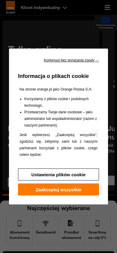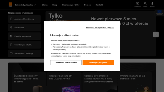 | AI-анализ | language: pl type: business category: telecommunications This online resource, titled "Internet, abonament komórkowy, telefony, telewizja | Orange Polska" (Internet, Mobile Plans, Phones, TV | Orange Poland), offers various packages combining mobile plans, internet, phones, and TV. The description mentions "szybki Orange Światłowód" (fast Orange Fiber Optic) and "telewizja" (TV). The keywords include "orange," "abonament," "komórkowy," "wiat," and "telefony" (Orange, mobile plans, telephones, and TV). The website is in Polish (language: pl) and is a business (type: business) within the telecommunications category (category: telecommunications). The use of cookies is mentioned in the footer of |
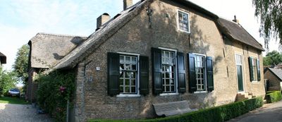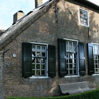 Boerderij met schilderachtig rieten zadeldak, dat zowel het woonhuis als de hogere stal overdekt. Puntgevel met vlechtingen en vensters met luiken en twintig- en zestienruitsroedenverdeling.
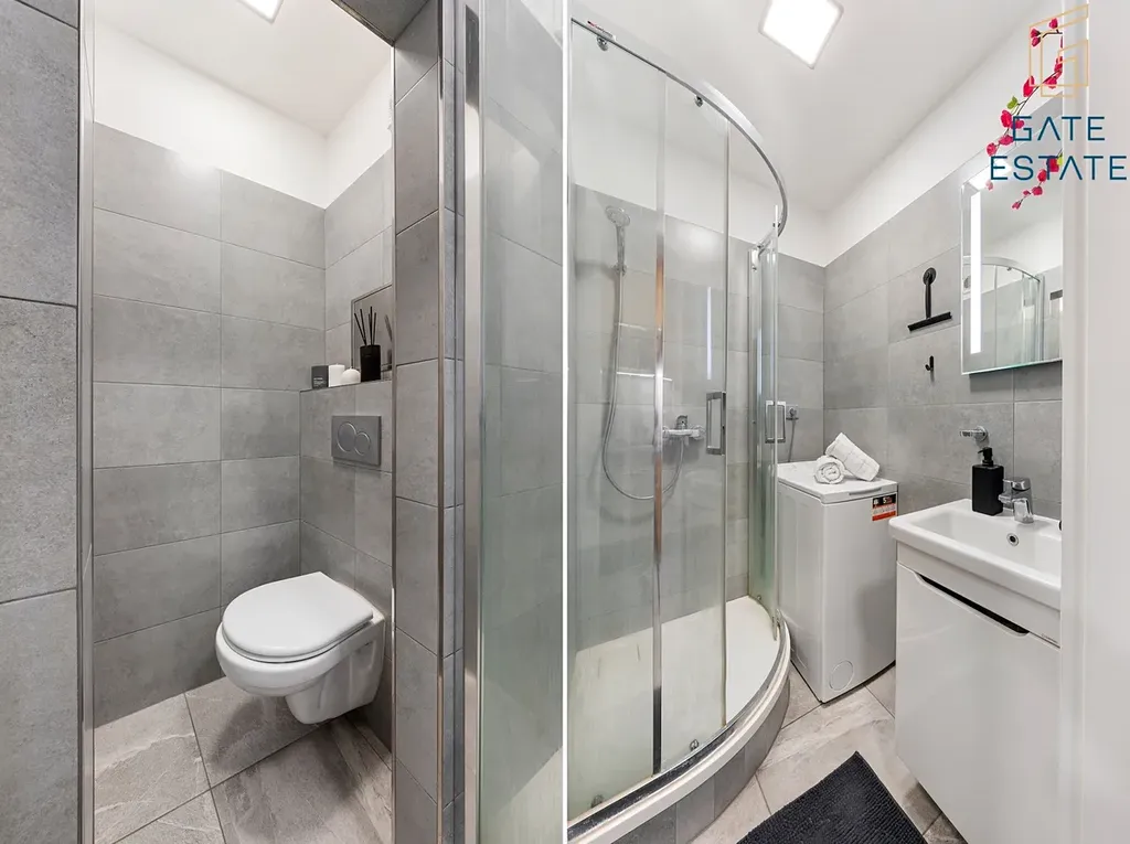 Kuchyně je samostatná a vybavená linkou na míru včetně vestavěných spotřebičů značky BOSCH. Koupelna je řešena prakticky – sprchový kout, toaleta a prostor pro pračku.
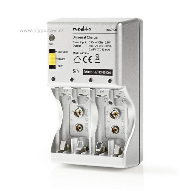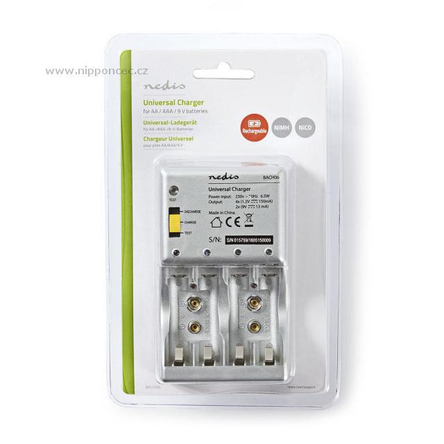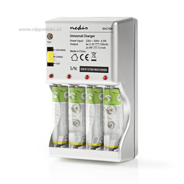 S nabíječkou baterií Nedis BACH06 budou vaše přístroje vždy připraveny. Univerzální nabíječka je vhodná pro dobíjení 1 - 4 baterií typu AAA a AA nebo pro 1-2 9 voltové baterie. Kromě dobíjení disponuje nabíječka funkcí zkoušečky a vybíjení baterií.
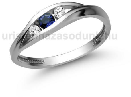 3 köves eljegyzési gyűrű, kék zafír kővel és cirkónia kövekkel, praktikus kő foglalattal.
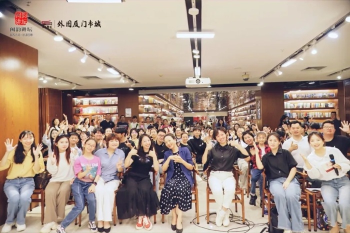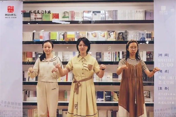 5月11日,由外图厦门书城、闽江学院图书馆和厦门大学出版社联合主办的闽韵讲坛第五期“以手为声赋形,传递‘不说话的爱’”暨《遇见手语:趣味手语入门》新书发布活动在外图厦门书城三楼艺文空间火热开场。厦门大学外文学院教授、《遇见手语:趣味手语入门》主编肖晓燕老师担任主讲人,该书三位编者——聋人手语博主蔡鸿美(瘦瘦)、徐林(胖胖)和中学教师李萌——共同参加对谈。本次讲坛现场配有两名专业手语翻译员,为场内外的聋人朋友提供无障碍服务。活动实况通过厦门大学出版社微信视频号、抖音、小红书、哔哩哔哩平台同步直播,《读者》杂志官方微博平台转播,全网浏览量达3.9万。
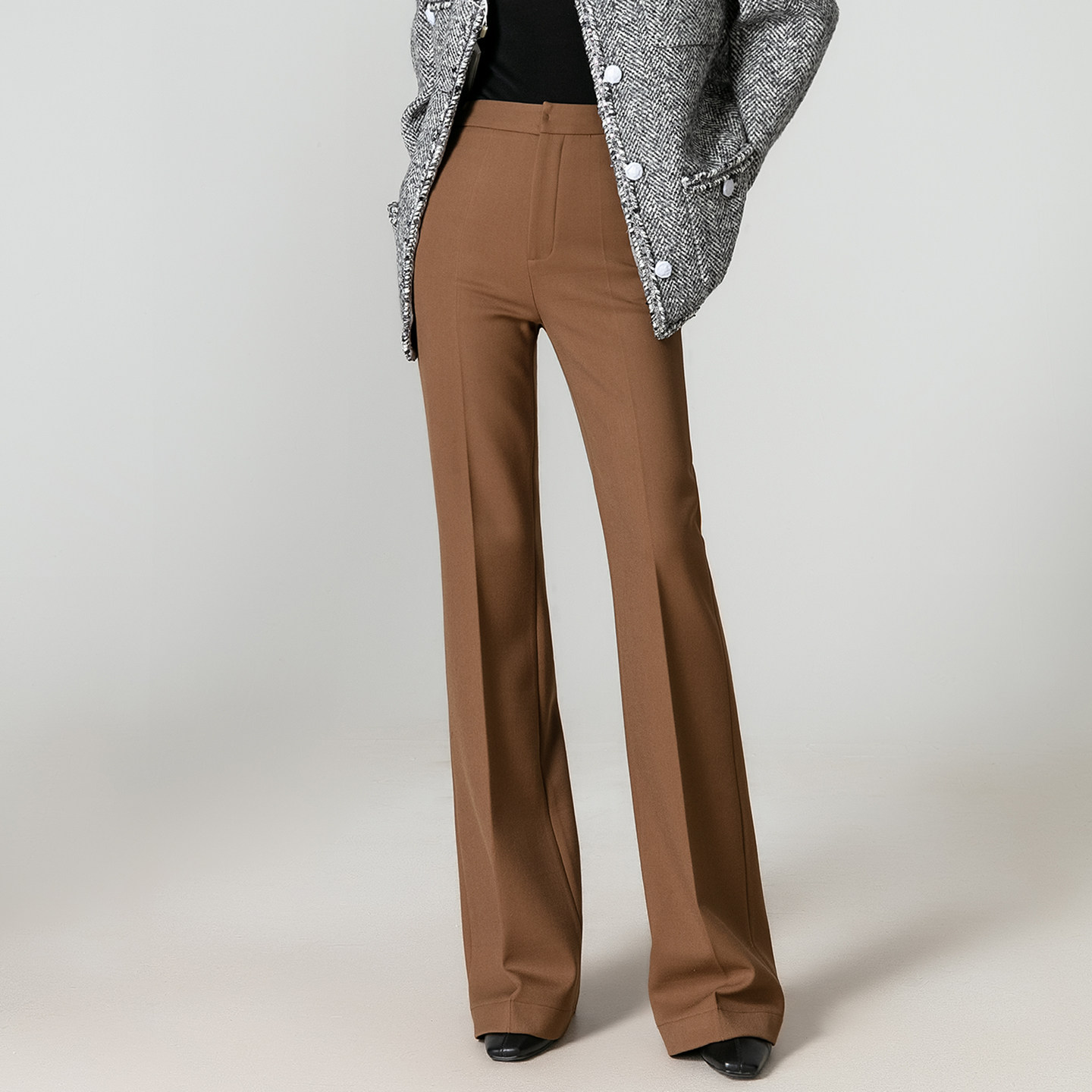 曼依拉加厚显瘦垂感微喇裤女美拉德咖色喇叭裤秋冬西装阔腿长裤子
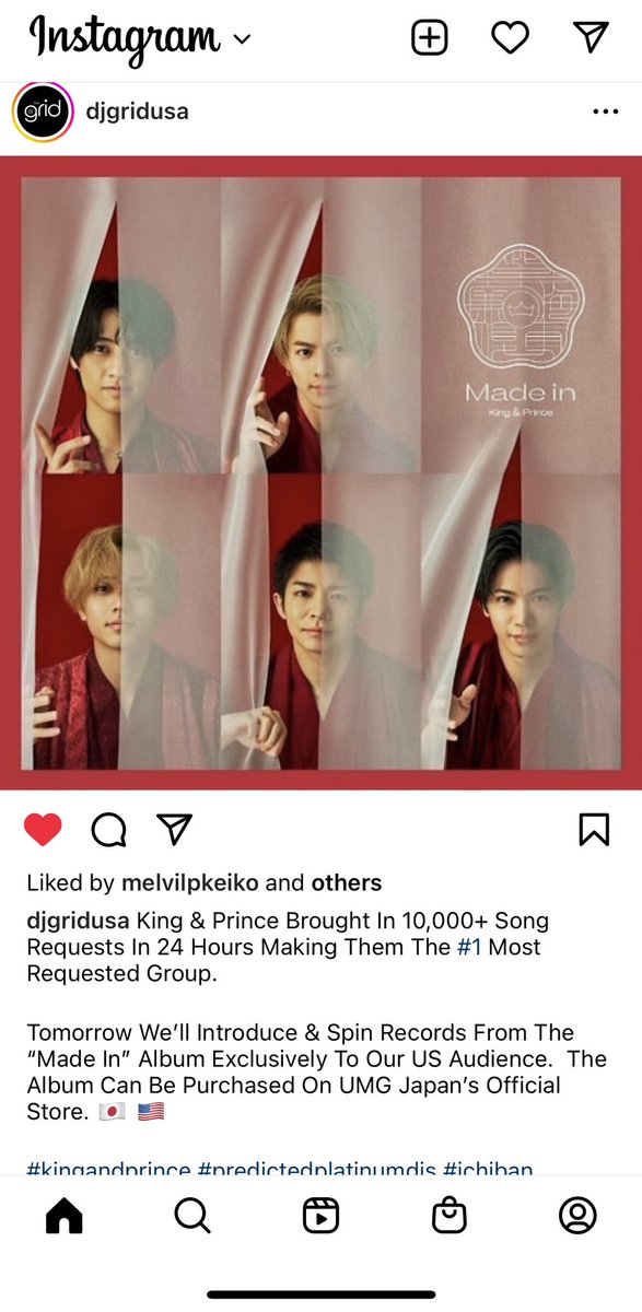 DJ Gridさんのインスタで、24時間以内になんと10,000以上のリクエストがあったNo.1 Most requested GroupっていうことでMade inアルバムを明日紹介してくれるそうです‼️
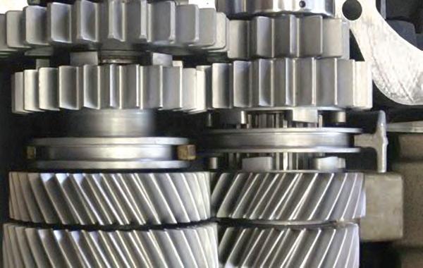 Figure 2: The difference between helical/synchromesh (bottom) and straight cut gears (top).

- _TASK BRIEF_: Copy only the part of the records that runs from the first line to the line with "DJ Gridさんのインスタで、24時間以内になんと10,000以上のリクエストがあったNo.1 Most", ends included, leaving pictures out.

- _EXERCISE OUTPUT_:
 | AI-анализ | language: pl type: business category: telecommunications This online resource, titled "Internet, abonament komórkowy, telefony, telewizja | Orange Polska" (Internet, Mobile Plans, Phones, TV | Orange Poland), offers various packages combining mobile plans, internet, phones, and TV. The description mentions "szybki Orange Światłowód" (fast Orange Fiber Optic) and "telewizja" (TV). The keywords include "orange," "abonament," "komórkowy," "wiat," and "telefony" (Orange, mobile plans, telephones, and TV). The website is in Polish (language: pl) and is a business (type: business) within the telecommunications category (category: telecommunications). The use of cookies is mentioned in the footer of |
 Boerderij met schilderachtig rieten zadeldak, dat zowel het woonhuis als de hogere stal overdekt. Puntgevel met vlechtingen en vensters met luiken en twintig- en zestienruitsroedenverdeling.
 Kuchyně je samostatná a vybavená linkou na míru včetně vestavěných spotřebičů značky BOSCH. Koupelna je řešena prakticky – sprchový kout, toaleta a prostor pro pračku.
 S nabíječkou baterií Nedis BACH06 budou vaše přístroje vždy připraveny. Univerzální nabíječka je vhodná pro dobíjení 1 - 4 baterií typu AAA a AA nebo pro 1-2 9 voltové baterie. Kromě dobíjení disponuje nabíječka funkcí zkoušečky a vybíjení baterií.
 3 köves eljegyzési gyűrű, kék zafír kővel és cirkónia kövekkel, praktikus kő foglalattal.
 5月11日,由外图厦门书城、闽江学院图书馆和厦门大学出版社联合主办的闽韵讲坛第五期“以手为声赋形,传递‘不说话的爱’”暨《遇见手语:趣味手语入门》新书发布活动在外图厦门书城三楼艺文空间火热开场。厦门大学外文学院教授、《遇见手语:趣味手语入门》主编肖晓燕老师担任主讲人,该书三位编者——聋人手语博主蔡鸿美(瘦瘦)、徐林(胖胖)和中学教师李萌——共同参加对谈。本次讲坛现场配有两名专业手语翻译员,为场内外的聋人朋友提供无障碍服务。活动实况通过厦门大学出版社微信视频号、抖音、小红书、哔哩哔哩平台同步直播,《读者》杂志官方微博平台转播,全网浏览量达3.9万。
 曼依拉加厚显瘦垂感微喇裤女美拉德咖色喇叭裤秋冬西装阔腿长裤子
 DJ Gridさんのインスタで、24時間以内になんと10,000以上のリクエストがあったNo.1 Most requested GroupっていうことでMade inアルバムを明日紹介してくれるそうです‼️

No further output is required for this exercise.